TASK PROMPT | From the first line to the last, set down the material exactly and drop every picture.

INFORMATION PROVIDED |
╭──

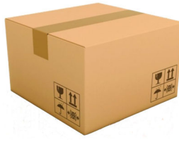
2, Paper Carton
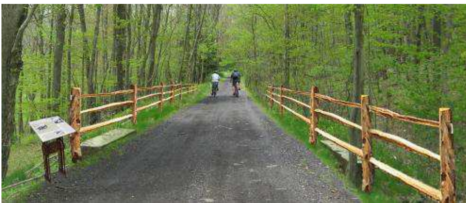
Trolley Trail in the near future.
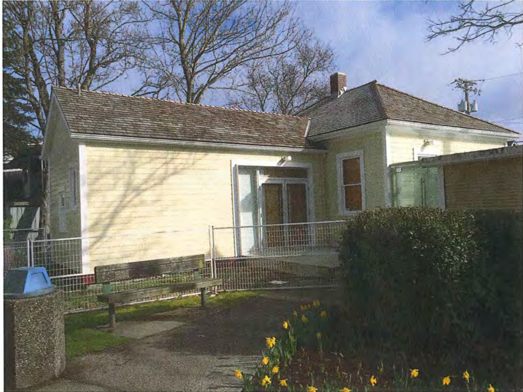
Building – South Elevation View
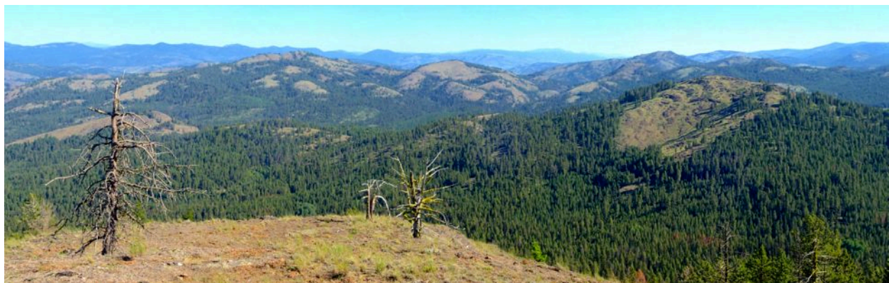
The summit views are big and panoramic, west to the High Cascades and east to the Kettle River Range.

╰──

EXERCISE RESULT |
2, Paper Carton
Trolley Trail in the near future.
Building – South Elevation View
The summit views are big and panoramic, west to the High Cascades and east to the Kettle River Range.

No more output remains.